My new app - what do you think? - tcarnell
https://puntoshare.com/

======
Mikosia
It is not clear to me what I would use it for. emphasize the _use it for_.

"create/organize your data in hierarchically" is well and good, but doesn't
make sense to a user. Also suggest lessening the content, just put 3-4
examples max. and put the examples front & center.

------
ergergregg
What is missing:

1) Screenshots 2) Better design of the app 3) Better explanation of what the
app does ?

The website looks 2002, and because of 1 and 2 ti doesn't make me want to try
the app sorry.

------
tcarnell
In essence, you can:

\- create/organize your data in hierarchically (lists of lists)

\- publish content at any point in the hierarchy

\- share data with specific people at any point in the hierarchy

\- generate QR codes for any point in the hierarchy for mobile/remote access.
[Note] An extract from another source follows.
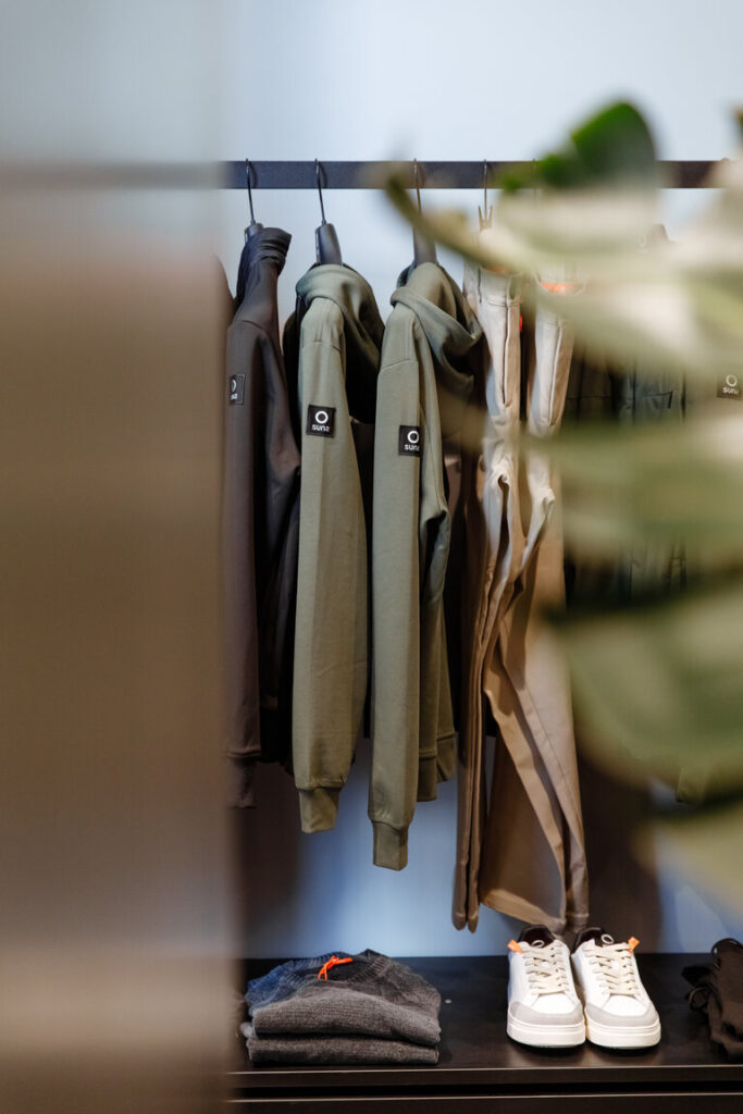 Il nuovo store SUNS offre un’esperienza immersiva nel cuore del brand. Gli interni, in linea con i valori di minimalismo ed essenzialità, combinano elementi in ferro laccato nero e tonalità grigio chiaro per creare un ambiente elegante e accogliente. Due ampie vetrine assicurano luminosità, mentre l’insegna sulla facciata esterna dona un tocco raffinato e coerente all’identità del marchio.

It's an idea I have been playing with for years, but finally got around to
turning it into something usable.

It's actually pretty good and I think the concept is unique.

------
realize
This really needs screenshots. 95% of my initial judgement of whether I want
to investigate an app further is based on screenshots.

------
andreyon
if your target market is not hardcore computer geeks that can read your mind,
I'd suggest asking a copywriter to help you with the site. I honestly don't
understand what is your product about and what a use case is.